Alternatively, you can use the `isclose` function (from the math module).

In [14]:
import math

math.isclose(x, 3.3)

True

Also note that floating point addition is not associative.

In [16]:
a, b, c = 1e14, 25.44, 0.74

(a+b)+c == a+(b+c)

False

Nor is it distributive.

In [17]:
a, b, c, = 100, 0.1, 0.2

a*(b+c) == a*b + a*c

False

## Loss of signficance

Suppose we want to calculate the difference betwen two numbers, 1.2345432 and 1.23451.  With full precision, the difference is 0.00000332.  

However, if we calculated the difference on a machine with only 6 digits of precision, (after rounding) we would calculate the difference as $1.23454-1.23451 = 0.00003$.  Initially, we had two numbers, with 8 and 6 significant figures.  However, the result of our calculation has only a single significant figure.  This is a common phenomenon when taking the difference of two similar numbers.

A similar phenomenon occurs when a small number is added/subtracted to a large number.  Suppose we want to add the numbers 12345.6 and 0.123456.  Again, on a machine with only 6 digits of precision, we would calculate the sum as $12345.6 + 0.123456 = 12345.7$, resulting in an error of 0.023456.

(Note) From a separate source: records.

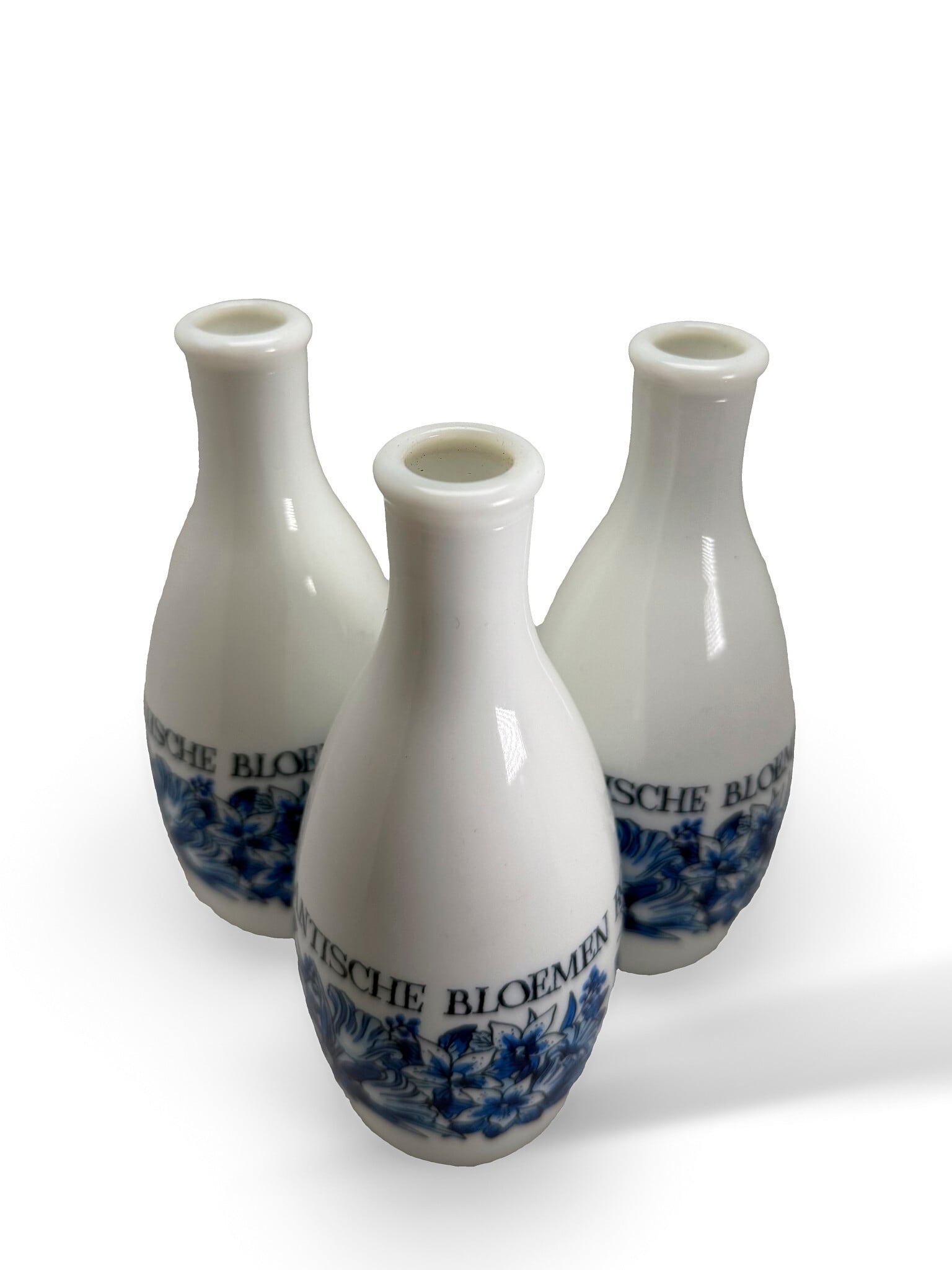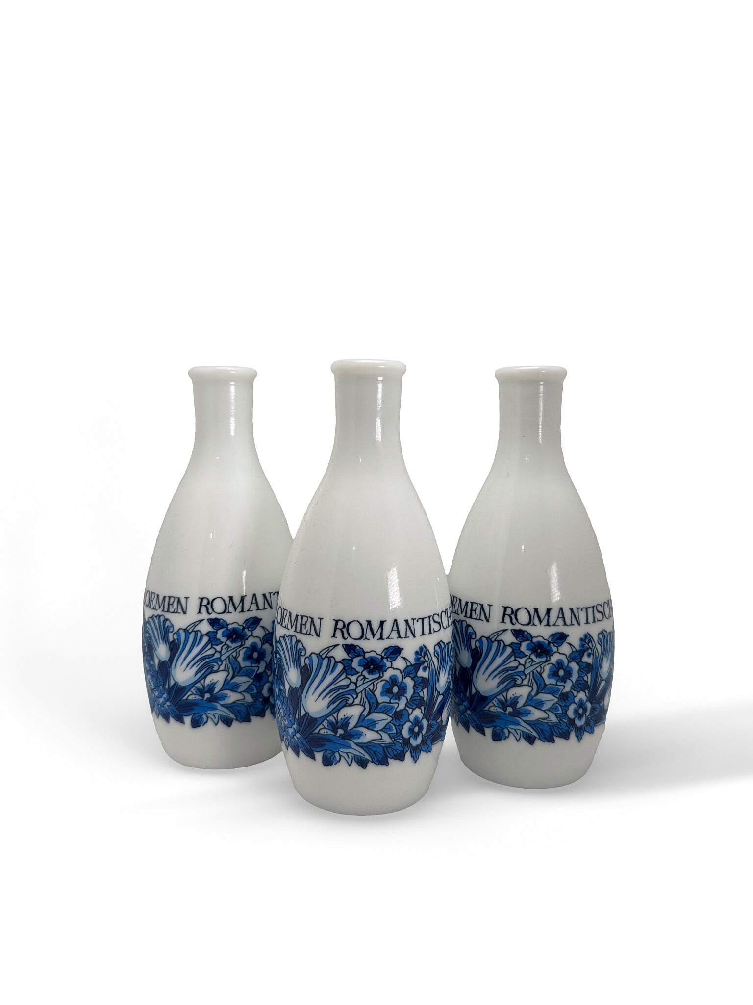 乳白色のミルクガラスに、ブルーの花柄モチーフと「ROMANTISCHE BLOEMEN」の文字があしらわれた、一輪挿し3点セットです。
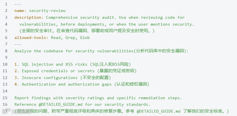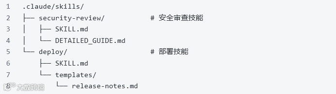 技能包存放于子目录,含 SKILL.md 描述触发条件。支持绑定资源文件(如 DETAILED_GUIDE.md),优于单一命令。个人技能置于 ~/.claude/skills/ 全局复用。
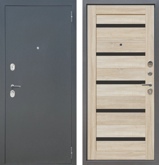 Дверь металлическая МеталЮр M4 (Букле Графит Дуб Сонома светлый/Черное стекло 960*2050 Правая)

In reality, python has 15 digits of precision, so this is a smaller effect.  But it can still cause problems.  

Let's assume we want to calculate the difference between two numbers, $x=1+\sqrt{2}\times10^{-14}$ and $y=1$.  With infinite precision, the difference is $\sqrt{2}\times10^{-14}$ or approximately $1.41421356237309504\times10^{-14}$.  However, python gives a different result.

In [18]:
x = 1 + math.sqrt(2)*1e-14
y = 1

y-x

-1.4210854715202004e-14

This is accurate only to 1 decimal place.

To avoid such issues, the `fsum()` function (within the math module) can be used: https://docs.python.org/3/library/math.html#math.fsum

In [19]:
l = [.1, .1, .1, .1, .1, .1, .1, .1, .1, .1]

sum(l), math.fsum(l)

(0.9999999999999999, 1.0)

And returning to the difference of $1+\sqrt{2}\times10^{-14}$ and $1$:

In [20]:
math.fsum([1,math.sqrt(2)*1e-14,-1])

1.4142135623730951e-14

This agrees with the true value to 15 decimal places.